Forecast time series data using ai_forecast()

July 11, 2024

AI Functions now supports ai_forecast(), a new Databricks SQL function for analysts and data scientists designed to extrapolate time series data into the future. See ai_forecast function.

SQL File task support for files with multi-statement SQL queries is GA

July 10, 2024

Support for using files that contain multi-statement SQL queries with the SQL File task is now generally available. This change allows you to run multiple SQL statements from a single file. Previously, you needed to add a separate file for each statement. To learn more about the SQL File task, see SQL task for jobs.

Lakehouse Federation supports Salesforce Data Cloud (Public Preview)

July 10, 2024

You can now run federated queries on data managed by Salesforce Data Cloud. See Run federated queries on Salesforce Data Cloud.

Databricks Assistant system table now available (Public Preview)

July 10, 2024

Databricks Assistant events are now logged in a system table located at system.access.assistant_events. See Databricks Assistant system table reference and example.

Account SCIM API v2.1 (Public Preview)

July 10, 2024

The Account SCIM APIs are updated from v2.0 to v2.1 for speed and reliability. You can download a PDF of the Account SCIM v2.1 API reference.

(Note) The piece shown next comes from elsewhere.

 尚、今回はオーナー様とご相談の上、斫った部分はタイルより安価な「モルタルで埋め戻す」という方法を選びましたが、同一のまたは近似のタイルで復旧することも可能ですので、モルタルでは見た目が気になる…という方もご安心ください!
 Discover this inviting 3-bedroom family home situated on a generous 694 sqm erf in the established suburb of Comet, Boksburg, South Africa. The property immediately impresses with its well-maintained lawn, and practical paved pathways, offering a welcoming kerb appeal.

Foundation Model Fine-tuning available to all us-west-2 customers (Public Preview)

July 10, 2024

Foundation Model Fine-tuning, now part of Mosaic AI Model Training, is now available to all customers in the us-west-2 region. Customers no longer need to request access to use this feature in this region.

With Foundation Model Fine-tuning, you use your own data to customize a foundation model to optimize its performance for your specific application. By fine-tuning or continuing training of a foundation model, you can train your own model using significantly less data, time, and compute resources than training a model from scratch. See Foundation Model Fine-tuning.

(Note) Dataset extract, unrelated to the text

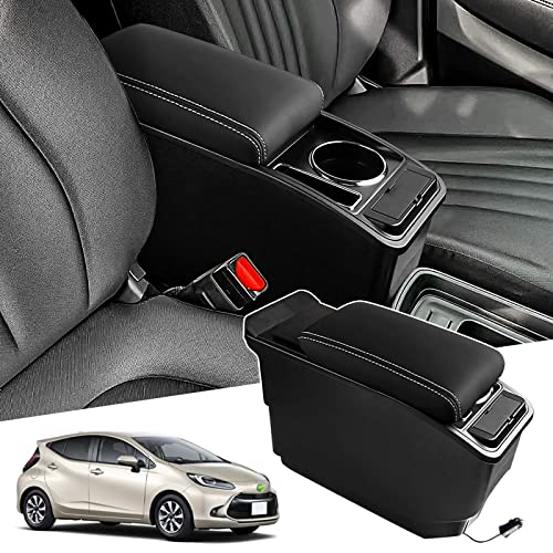 トヨタ新型アクア用アームレスト、B/Xグレード専用。コンソールボックス、ドリンクホルダー付き。多機能で収納力抜群、疲労軽減。簡単装着で落下防止、インテリア向上。

UK Cyber Essentials Plus compliance controls

July 10, 2024

UK Cyber Essentials Plus (UKCE+) controls provide enhancements that help you with cyber essentials compliance for your workspace. UKCE+ is a certification created by the UK government to simplify and standardize IT security practices for commercial organizations who interact with UK government data. See UK Cyber Essentials Plus compliance controls.

End of life for Databricks-managed passwords

July 10, 2024

Starting on July 10, 2024, you can no longer use Databricks-managed passwords to authenticate to the Databricks UI or APIs, known as basic authentication. If you do not have single sign-on configured, users now receive a unique code via email to log in. For automation, Databricks recommends using OAuth authentication. You can also authenticate with personal access tokens.

See End of life for Databricks-managed passwords.

Sign-in with one-time passcodes and external accounts

July 10, 2024

You can now allow users to sign in to Databricks using one-time passcodes or common external accounts, such as Google or Microsoft. See Sign-in with email or external accounts.

Resource quota increase for tables per Unity Catalog metastore

July 3, 2024

Your Unity Catalog metastore can now register up to one million tables. See Resource quotas.

Databricks Assistant can diagnose notebook errors automatically

July 2, 2024

Databricks Assistant can now run /fix in notebooks automatically when it detects an error message. Assistant uses generative AI to analyze your code and the error message to suggest a fix directly in your notebook. For more information, see Debug code: Python and SQL examples.

Support for the :param syntax with the SQL file task is GA

July 1, 2024

Support for using the :param syntax with parameterized queries in the Databricks Jobs SQL File task is generally available. You can now reference query parameters by prefixing their names with a colon (:parameter_name). This syntax is in addition to the existing support for the double curly braces ({{parameter_name}}) syntax. To learn more about using parameterized queries with the SQL File task, see Configure task parameters.

OAuth in Databricks on AWS GovCloud

July 1, 2024

OAuth authentication is now available in Databricks on AWS GovCloud. See Authenticate access to Databricks with a service principal using OAuth (OAuth M2M).